由于抗逆转录病毒疗法的成功,HIV 感染现在在很大程度上是一种慢性疾病。然而,HIV 感染者(PLWH)出现了多种合并症,包括酒精使用障碍和肌肉骨骼疾病。酒精使用与骨矿物质密度降低、循环骨转换标志物改变和低钙血症有关。PLWH 人群骨丢失的病理生理基础尚不清楚,但据推测与氧化应激和炎症有关。为了验证假设,即饮酒过量的 PLWH 与氧化应激相关,其骨转换标志物和/或钙稳态发生改变,我们将酒精摄入量的测量值与氧化应激和炎症标志物、血清钙浓度以及骨转换标志物(C 端肽交联[CTX-1]和骨钙素)进行了相关性分析。
数据来自正在进行的新奥尔良 HIV 中的酒精使用(NOAH)研究的横断面基线数据,该研究包括 365 名接受治疗的 PLWH。在根据最高和最低 PEth 测量值选择的 40 名受试者亚组中测量了酒精消耗量(酒精使用障碍测试、30 天时间线随访日历和磷脂酰乙醇 [PEth])。进行了多元线性回归,以检验酒精消耗与全身氧化应激(4-羟基壬烯醛;4-HNE)和炎症(C 反应蛋白;CRP)之间的关系。

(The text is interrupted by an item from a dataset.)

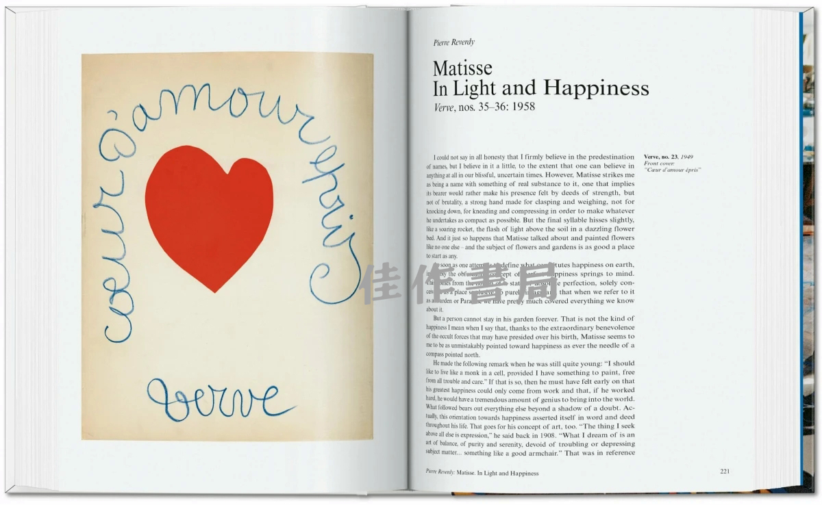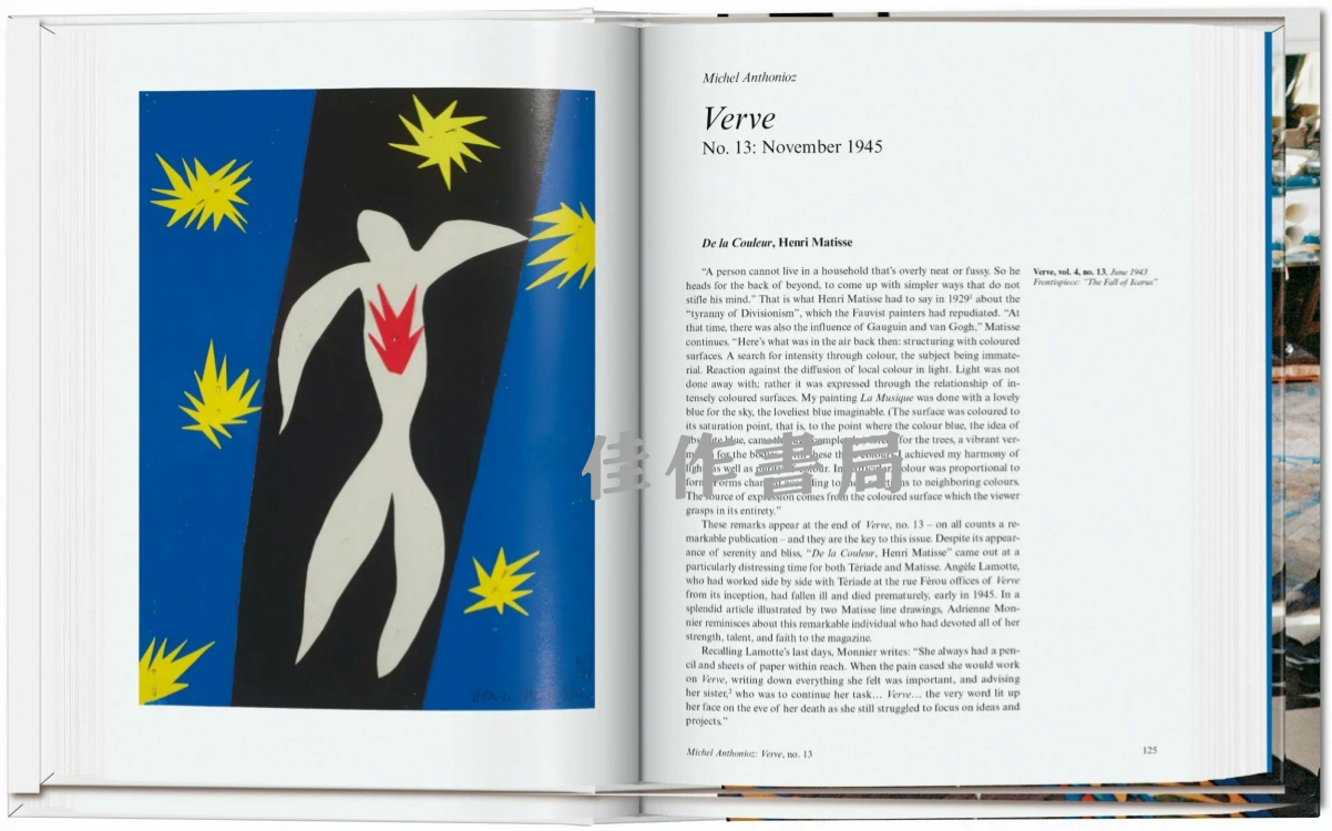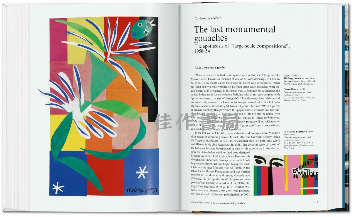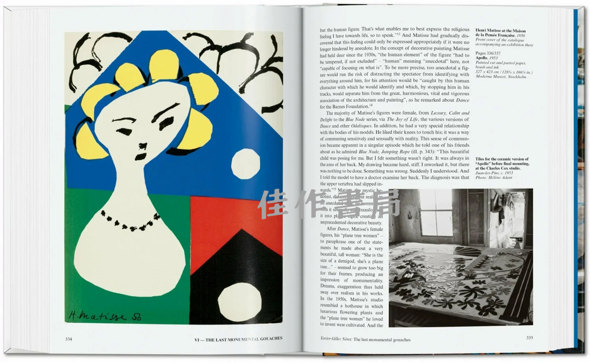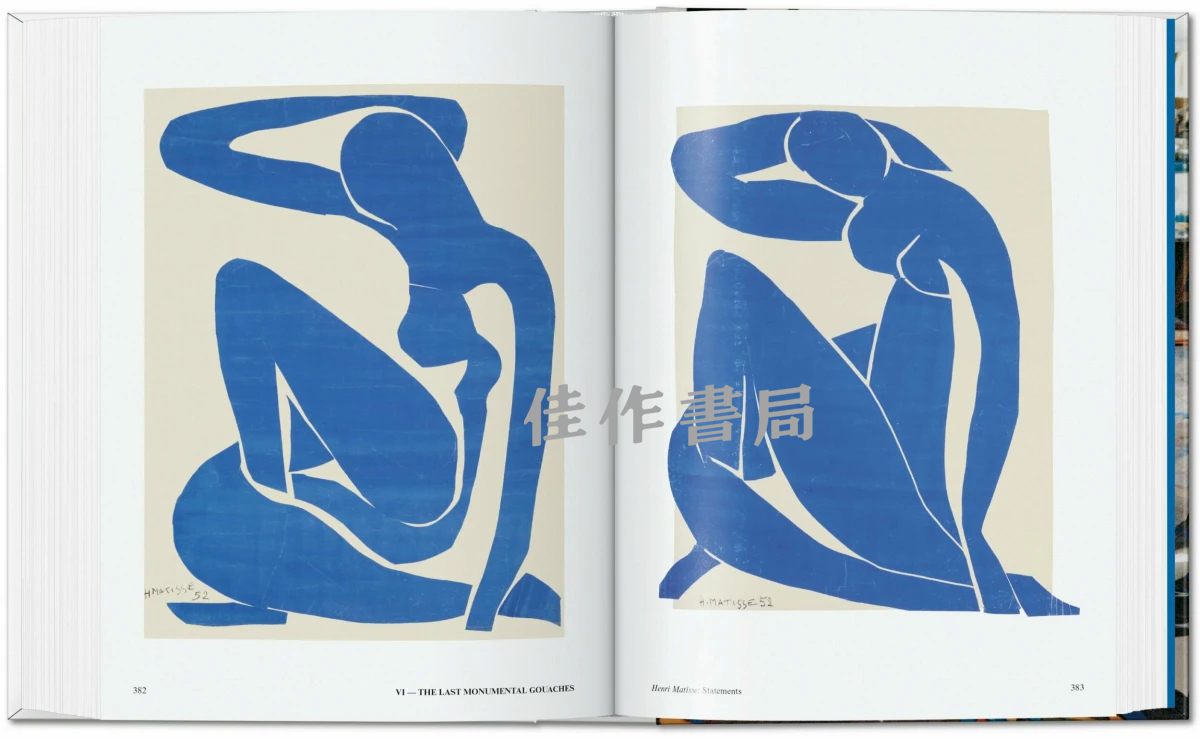 我们这本原版获奖超大尺寸书籍第一卷的这个版本,为马蒂斯的纸贴画提供了详尽的历史背景,追溯其根源至他1930年的塔希提之旅,并一直延续到他在尼斯度过的晚年。书中收录了许多马蒂斯的照片,以及亨利·卡蒂埃-布列松和电影制作人F. W. 茂瑙的一些罕见影像,还包含了马蒂斯本人、出版商E. 泰里亚德、诗人路易·阿拉贡、亨利·米肖、皮埃尔·勒韦迪以及马蒂斯的女婿乔治·杜图伊的文字作品。

高和低 PEth 组之间血清钙和 CTX-1 无显著差异。高 PEth 组的血清骨钙素明显较低(低 PEth 组中位数:13.42ng/ml,IQR 9.26 至 14.99ng/ml;高 PEth 组中位数 7.39ng/ml,IQR 5.02 至 11.25ng/ml;p=0.0005,Wilcoxon 秩和检验)。骨钙素与 PEth 呈负相关(Spearman r=-0.45,p=0.05),且与调整协变量后的自我报告测量值相关。酒精消耗与血清 4-HNE 呈轻度但显著的正相关,但与 CRP 无关。骨钙素与 4-HNE 或 CRP 均不相关。
在该 PLWH 亚组中,我们检测到高危饮酒与骨钙素之间以及高危饮酒与血清 4-HNE 之间存在显著关联,提示随着饮酒量的增加,骨形成抑制独立于系统性氧化应激增加。